Read ingredient dataframe:

In [2]:
cols = ['name','category','rating']
ingredient_df = pd.read_csv('../web_scraper/ingredients.csv', usecols=cols, converters={"category": literal_eval})
ingredient_df['name'] = ingredient_df['name'].str.strip()
ingredient_df['rating_num'] = ingredient_df['rating'].map({'Poor':0, 'Average':1, 'Good':2, 'GOOD':2, 'Best':3})
print("number of ingredient:",ingredient_df.shape[0])
ingredient_df.to_csv('ingredient_cleaned.csv', index=False)
ingredient_df.head()

number of ingredient: 1750


Unnamed: 0,name,category,rating,rating_num
0,"1, 2-Hexanediol",[Preservatives],Good,2
1,10-Hydroxydecanoic Acid,[Emollients],Good,2
2,4-T-butylcyclohexanol,"[Emollients, Skin-Soothing]",Good,2
3,Acacia farnesiana extract,"[Plant Extracts, Fragrance: Synthetic and Frag...",Poor,0
4,acacia senegal gum,"[Texture Enhancer, Plant Extracts, Skin-Soothing]",Good,2


Create a class where we can check if an ingredient matches our existing ingredient dictionary. if there is a match,
find the ingredient's rating and category.
* Initialize the class with ingredient rating dictionary and category dictionary.
* Given a list of ingredient, find best matching ingredient that rating and category are avaliable. This is done by evaluating the similarity metric between the name of all existing ingredient and the name of given ingredient (use python function SequenceMatcher). If the similarity is below a thresh, then the given ingredient is labeled as 'unknown'.
* After building up the matching dictionary, we can find an ingredient's matching, rating and category by calling the lookup function.

In [3]:
class look_up_ingredient():
    
    def __init__(self, rating_dict, category_dict):
        self.rating_dict = rating_dict
        self.rating_dict['unknown'] = np.nan
        
        self.category_dict = category_dict
        self.category_dict['unknown'] = []
        
        self.rating = set([value for value in self.rating_dict.values()])
        self.category = set([value for values in self.category_dict.values() for value in values])
        
        self.match_dict = {}
    
    def find_matching_ingredient(self, my_ingredients, thresh=0.25):

        for ingredient in tqdm(my_ingredients):
            if ingredient in self.match_dict.keys():
                continue
            match_matric = {key : SequenceMatcher(None, key, ingredient).ratio() for key in self.rating_dict.keys()}
            best_match, best_metric = max(match_matric.items(), key=operator.itemgetter(1))
            if best_metric > thresh:
                self.match_dict[ingredient] = best_match
            else:
                self.match_dict[ingredient] = 'unknown'
                
    def lookup(self, ingredient, option=''):
        
        key = self.match_dict.get(ingredient, 'unknown')
        rating = self.rating_dict.get(key, -1)
        category = self.category_dict.get(key, [])
        
        if option == 'ingredient':
            return key
        elif option == 'rating':
            return rating
        elif option == 'category':
            return category
        else:
            return key, rating, category
    
    def save_match_dict(self, dictfile="ingredient_match_dict.pickle"):
        pickle_out = open(dictfile,"wb")
        pickle.dump(self.match_dict, pickle_out)
        pickle_out.close()
        
    def load_match_dict(self, dictfile="ingredient_match_dict.pickle"):
        if os.path.isfile(dictfile):
            pickle_in = open(dictfile,"rb")
            self.match_dict = pickle.load(pickle_in)

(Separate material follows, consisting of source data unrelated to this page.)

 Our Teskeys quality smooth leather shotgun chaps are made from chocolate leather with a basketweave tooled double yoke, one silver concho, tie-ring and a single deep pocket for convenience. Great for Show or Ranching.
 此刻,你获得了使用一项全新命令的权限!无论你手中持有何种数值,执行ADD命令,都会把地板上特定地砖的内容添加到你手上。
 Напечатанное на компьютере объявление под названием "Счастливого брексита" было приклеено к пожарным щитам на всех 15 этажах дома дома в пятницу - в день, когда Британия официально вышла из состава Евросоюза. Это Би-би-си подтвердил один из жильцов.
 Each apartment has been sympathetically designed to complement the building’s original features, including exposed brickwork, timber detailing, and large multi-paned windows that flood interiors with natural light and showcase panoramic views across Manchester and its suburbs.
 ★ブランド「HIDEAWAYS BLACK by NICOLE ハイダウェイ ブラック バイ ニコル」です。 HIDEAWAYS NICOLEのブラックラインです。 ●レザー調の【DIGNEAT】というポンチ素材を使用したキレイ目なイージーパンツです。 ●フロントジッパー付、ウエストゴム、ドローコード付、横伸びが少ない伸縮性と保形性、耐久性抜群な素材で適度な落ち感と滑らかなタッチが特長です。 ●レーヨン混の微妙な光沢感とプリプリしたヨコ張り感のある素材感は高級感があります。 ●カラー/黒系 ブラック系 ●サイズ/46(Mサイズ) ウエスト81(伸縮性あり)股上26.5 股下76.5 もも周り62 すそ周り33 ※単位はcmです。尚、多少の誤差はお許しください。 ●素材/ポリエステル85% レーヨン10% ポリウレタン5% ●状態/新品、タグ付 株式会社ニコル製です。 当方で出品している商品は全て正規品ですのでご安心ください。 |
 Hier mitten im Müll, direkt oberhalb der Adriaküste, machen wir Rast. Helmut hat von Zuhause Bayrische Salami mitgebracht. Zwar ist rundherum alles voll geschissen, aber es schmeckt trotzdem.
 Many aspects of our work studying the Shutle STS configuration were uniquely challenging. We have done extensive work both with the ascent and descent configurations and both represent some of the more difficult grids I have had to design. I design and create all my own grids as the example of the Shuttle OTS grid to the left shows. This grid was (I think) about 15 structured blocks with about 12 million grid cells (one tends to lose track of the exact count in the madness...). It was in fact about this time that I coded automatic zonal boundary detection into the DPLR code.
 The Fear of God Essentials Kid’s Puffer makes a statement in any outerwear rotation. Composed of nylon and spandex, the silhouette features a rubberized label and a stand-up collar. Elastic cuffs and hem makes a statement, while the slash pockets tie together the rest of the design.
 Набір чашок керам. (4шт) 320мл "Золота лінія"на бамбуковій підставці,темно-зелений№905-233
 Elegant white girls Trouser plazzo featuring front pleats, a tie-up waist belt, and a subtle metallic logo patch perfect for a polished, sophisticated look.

Create ingredient class, note for ingredient with alias we will duplicate the record. 

For example, for "PEG/PPG-18/18 dimethicone" we will create three dict items, with different keys but same value.

In [4]:
ingredient_rating_dict = {name: row['rating_num'] for (idx, row) in ingredient_df.iterrows() for name in row['name'].split('/')}
ingredient_category_dict = {name: row['category'] for (idx, row) in ingredient_df.iterrows() for name in row['name'].split('/')}
lookup = look_up_ingredient(ingredient_rating_dict, ingredient_category_dict)

In [5]:
lookup.load_match_dict()

We also make a table where ingredient belongs to multiple categories are separated into different rows, this will be useful when we examine characters of different categories.

In [6]:
def split_ingredient_category(ingredient_df_):
    ingredient_df = ingredient_df_.copy(deep=True)
    new_df = pd.DataFrame()
    for idx, row in ingredient_df.iterrows():
        if len(row['category'])==1:
            ingredient_df.loc[idx,'category'] = ingredient_df.loc[idx,'category'][0]
        elif len(row['category'])>1:
            new_row = row
            for category in row['category']:
                new_row['category'] = category
                new_df = new_df.append(row)
            ingredient_df.drop(idx, axis=0, inplace=True)
    ingredient_df = ingredient_df.append(new_df)
    ingredient_df = ingredient_df.sort_values('name').reset_index(drop=True)
    return ingredient_df

ingredient_single_cat = split_ingredient_category(ingredient_df)
ingredient_single_cat.to_csv('ingredient_single_cat.csv', index=False)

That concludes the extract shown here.